I told a co-worker in a joking manner, that "God doesn't give us anymore than we can handle." and I was told I was absolutely wrong. He was a monk....so he had a kind of learning about God and religion that I did not.
Then I come home, and everything just falls apart into a pile of utter crap. I won't go into details, because with my married life...to an extent...I feel airing dirty laundry just doesn't do a damn bit of good.
Now I must ponder on whether or not what Bill said I am is true. That all I do is think of myself...come up with things for us to do to make ME happy...that I'm self-righteous.
I wish I didn't feel hurt. I wish I didn't feel self-doubt. Last weekend wasn't a good weekend-he was ill and basically took it out on me. Every time I opened my mouth he was on the defensive (and for no reason)...so it felt like I couldn't even ask a basic question without getting ragged on. Eventually I got so sick of his attitude I told him I was going to make him some fucking chicken soup, and he'd fucking eat it, and fucking shut up. I was at my wits end....I was tired of being talked to in such a manner, and I wasn't feeling good, either.
Maybe my expectations are too high. Maybe I am a bad person. Maybe I shouldn't try to find ways for Bill and I to be away from the t.v. and laptop computers. What's the point? It'll all end up in my face at a later date, anyways.

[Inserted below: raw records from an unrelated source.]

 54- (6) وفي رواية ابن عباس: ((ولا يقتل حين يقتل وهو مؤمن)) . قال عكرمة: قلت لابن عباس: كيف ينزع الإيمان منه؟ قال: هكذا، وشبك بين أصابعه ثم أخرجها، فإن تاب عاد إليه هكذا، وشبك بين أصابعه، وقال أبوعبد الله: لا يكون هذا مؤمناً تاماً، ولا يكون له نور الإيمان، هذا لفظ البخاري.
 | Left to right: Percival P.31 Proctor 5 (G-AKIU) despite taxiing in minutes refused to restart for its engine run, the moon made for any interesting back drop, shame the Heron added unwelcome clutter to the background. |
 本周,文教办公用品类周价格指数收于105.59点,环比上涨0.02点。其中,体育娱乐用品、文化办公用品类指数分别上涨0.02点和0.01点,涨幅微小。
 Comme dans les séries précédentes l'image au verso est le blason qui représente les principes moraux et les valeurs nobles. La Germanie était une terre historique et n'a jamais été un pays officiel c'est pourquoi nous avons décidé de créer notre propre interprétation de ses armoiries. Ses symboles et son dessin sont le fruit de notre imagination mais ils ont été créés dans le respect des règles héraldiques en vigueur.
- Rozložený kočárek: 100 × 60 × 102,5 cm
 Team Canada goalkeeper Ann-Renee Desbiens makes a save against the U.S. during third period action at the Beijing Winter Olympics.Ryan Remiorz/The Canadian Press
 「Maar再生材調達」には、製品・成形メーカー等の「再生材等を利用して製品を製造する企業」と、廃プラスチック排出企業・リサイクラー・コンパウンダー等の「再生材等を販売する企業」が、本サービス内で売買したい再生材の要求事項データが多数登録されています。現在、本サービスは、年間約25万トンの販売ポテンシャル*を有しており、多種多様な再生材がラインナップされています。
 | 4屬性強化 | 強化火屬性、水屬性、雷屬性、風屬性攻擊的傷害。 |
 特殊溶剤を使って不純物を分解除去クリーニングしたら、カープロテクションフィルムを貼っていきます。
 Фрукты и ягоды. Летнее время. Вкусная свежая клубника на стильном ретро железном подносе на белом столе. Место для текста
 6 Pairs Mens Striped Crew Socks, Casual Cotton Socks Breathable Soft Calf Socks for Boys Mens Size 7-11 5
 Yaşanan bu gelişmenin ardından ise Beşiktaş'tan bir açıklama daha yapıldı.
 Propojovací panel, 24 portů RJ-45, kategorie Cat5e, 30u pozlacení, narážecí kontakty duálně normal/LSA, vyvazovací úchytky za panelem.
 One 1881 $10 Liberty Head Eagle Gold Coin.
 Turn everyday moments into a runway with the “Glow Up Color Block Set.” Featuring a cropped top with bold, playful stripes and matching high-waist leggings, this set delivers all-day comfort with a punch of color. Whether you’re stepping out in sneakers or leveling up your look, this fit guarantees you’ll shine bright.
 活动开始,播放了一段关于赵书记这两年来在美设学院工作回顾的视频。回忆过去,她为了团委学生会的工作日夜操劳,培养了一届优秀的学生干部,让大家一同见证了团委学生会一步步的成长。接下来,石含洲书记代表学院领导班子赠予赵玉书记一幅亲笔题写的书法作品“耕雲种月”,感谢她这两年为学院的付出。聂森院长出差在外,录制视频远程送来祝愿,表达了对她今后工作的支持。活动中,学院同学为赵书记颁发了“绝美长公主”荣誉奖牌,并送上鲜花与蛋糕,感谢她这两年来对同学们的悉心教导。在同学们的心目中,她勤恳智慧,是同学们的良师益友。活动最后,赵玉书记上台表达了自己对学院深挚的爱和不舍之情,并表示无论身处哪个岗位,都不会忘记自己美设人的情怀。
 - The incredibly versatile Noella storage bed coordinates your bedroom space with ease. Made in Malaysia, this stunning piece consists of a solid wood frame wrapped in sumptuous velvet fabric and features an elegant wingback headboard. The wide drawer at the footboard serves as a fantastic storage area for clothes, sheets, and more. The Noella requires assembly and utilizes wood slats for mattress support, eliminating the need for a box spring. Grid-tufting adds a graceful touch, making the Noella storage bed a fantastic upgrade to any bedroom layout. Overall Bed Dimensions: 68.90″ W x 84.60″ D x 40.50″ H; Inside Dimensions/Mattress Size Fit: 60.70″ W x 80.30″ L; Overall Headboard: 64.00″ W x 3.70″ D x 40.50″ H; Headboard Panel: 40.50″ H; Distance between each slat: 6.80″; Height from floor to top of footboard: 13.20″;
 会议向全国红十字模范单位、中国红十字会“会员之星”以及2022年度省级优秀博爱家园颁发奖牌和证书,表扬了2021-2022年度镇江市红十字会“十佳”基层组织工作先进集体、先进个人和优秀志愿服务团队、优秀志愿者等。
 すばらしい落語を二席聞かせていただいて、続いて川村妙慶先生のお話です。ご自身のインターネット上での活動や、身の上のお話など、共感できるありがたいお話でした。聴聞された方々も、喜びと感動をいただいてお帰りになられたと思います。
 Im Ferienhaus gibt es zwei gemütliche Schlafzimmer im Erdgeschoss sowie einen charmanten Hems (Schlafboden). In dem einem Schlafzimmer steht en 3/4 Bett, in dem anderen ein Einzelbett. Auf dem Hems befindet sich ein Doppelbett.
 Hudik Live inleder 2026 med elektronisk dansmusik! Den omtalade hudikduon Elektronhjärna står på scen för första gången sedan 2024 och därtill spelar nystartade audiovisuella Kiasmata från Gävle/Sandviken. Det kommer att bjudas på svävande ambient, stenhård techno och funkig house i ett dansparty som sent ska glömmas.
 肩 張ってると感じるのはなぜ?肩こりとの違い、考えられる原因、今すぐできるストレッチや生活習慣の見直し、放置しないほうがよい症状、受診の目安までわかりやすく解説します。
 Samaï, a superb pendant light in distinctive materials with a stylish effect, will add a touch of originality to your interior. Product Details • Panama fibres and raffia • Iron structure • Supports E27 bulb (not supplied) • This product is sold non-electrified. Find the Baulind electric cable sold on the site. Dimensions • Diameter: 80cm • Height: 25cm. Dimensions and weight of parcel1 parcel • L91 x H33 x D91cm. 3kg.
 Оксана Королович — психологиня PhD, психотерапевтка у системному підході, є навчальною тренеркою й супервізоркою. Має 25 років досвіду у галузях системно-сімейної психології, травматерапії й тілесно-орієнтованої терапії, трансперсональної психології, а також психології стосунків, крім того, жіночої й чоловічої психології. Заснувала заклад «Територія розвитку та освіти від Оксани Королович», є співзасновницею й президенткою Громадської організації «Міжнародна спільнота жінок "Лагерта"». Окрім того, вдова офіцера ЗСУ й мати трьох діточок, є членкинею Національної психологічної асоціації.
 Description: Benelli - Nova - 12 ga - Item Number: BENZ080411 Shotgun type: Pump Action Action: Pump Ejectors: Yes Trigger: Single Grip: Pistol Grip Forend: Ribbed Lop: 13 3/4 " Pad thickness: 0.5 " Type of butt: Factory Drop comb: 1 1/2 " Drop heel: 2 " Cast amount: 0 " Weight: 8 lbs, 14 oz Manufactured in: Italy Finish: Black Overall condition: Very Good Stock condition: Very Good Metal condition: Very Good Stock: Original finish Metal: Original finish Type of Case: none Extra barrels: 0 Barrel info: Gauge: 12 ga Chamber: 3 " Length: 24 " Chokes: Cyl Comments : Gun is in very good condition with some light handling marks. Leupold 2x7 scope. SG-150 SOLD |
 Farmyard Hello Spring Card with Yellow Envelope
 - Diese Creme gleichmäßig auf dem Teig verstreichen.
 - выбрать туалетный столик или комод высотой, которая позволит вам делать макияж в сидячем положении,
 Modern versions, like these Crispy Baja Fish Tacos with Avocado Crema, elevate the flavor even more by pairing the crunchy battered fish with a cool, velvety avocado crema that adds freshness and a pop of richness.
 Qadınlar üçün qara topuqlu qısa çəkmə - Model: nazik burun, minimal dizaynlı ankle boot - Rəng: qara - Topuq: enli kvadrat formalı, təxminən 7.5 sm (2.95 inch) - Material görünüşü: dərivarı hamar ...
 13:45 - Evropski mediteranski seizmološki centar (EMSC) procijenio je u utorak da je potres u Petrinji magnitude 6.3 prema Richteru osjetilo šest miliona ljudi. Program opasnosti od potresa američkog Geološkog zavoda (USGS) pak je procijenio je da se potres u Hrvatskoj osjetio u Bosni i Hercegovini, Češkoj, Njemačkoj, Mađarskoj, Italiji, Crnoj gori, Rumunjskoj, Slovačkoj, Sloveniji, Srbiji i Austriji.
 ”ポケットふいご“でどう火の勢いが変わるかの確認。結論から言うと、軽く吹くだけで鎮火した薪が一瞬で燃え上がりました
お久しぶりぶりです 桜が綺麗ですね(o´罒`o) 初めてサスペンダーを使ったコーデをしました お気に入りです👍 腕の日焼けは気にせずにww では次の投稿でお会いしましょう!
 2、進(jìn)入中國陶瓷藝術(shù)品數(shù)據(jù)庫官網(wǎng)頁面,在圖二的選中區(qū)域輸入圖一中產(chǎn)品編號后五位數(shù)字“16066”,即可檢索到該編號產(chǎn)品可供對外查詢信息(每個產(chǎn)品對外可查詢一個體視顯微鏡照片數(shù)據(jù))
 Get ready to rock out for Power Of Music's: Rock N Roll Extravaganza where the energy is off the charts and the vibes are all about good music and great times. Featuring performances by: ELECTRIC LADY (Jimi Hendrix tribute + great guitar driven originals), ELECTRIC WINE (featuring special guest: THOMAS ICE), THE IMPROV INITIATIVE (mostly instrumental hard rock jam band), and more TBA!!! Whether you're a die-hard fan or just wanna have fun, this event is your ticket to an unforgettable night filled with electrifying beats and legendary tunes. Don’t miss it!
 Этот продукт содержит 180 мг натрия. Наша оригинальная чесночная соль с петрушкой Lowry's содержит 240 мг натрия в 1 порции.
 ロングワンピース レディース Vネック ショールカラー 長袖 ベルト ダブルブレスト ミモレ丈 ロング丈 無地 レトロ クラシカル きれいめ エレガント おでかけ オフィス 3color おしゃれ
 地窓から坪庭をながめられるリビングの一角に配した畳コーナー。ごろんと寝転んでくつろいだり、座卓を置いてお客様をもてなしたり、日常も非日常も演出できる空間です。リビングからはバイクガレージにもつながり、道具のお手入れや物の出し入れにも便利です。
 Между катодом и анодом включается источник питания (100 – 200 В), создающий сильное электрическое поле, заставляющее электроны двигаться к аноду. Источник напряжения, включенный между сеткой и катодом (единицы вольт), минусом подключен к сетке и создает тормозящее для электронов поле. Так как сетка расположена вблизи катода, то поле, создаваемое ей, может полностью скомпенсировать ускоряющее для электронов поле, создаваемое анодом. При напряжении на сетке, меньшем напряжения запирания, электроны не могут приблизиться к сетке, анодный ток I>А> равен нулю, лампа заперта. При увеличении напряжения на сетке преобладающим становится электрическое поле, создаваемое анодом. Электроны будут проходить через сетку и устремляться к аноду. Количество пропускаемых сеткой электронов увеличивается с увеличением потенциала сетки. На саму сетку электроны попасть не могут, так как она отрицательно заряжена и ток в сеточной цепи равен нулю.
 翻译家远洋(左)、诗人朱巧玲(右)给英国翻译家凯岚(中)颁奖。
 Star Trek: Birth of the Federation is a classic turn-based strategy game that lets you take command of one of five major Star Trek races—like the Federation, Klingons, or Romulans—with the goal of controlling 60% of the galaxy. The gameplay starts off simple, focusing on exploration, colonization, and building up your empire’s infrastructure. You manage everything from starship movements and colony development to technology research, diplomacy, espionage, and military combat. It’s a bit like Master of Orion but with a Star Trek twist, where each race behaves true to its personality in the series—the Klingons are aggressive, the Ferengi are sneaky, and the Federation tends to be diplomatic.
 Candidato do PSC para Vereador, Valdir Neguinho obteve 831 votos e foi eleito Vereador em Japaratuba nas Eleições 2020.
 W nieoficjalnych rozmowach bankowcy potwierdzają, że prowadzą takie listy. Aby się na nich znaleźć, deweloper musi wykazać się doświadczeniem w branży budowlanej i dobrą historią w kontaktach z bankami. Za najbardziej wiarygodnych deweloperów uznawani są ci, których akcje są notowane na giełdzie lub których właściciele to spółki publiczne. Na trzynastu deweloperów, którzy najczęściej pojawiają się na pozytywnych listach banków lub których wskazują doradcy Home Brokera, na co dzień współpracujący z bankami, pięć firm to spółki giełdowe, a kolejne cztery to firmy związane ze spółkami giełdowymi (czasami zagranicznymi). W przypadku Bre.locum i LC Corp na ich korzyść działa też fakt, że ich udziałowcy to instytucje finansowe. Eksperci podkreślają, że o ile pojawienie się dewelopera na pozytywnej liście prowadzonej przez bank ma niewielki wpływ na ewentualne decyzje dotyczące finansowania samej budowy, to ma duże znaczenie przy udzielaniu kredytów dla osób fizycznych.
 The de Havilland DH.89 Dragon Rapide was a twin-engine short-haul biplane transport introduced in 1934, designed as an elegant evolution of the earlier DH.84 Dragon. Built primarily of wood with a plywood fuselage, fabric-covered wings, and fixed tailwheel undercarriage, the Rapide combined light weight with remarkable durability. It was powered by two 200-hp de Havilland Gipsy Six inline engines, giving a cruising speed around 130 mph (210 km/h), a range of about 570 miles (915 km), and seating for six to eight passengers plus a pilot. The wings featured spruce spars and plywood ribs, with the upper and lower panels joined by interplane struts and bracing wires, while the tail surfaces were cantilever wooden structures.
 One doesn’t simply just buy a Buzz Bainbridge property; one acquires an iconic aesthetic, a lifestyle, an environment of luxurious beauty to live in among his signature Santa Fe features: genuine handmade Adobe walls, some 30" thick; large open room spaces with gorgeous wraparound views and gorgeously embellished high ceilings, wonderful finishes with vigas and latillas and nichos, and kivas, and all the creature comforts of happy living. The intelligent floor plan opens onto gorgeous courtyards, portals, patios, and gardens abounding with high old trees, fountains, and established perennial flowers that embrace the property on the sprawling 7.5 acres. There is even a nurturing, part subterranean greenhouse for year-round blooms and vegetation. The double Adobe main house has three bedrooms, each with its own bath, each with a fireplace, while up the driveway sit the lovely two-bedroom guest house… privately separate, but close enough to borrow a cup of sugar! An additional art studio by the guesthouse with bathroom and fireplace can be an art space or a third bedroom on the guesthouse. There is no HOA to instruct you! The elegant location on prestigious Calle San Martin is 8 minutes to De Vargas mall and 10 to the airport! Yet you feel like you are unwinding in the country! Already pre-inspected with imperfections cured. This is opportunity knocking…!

I need to go to LaCrosse and get some cat litter...and I'm going to have to do it myself. Bill is going to not be available on my next Saturday off (which is also vacation). If my dentist appointment doesn't take too long I might just try going tomorrow. Otherwise my plan is to go on Sunday....after grocery shopping. My desire to spend much time in the same quarters as him is very low.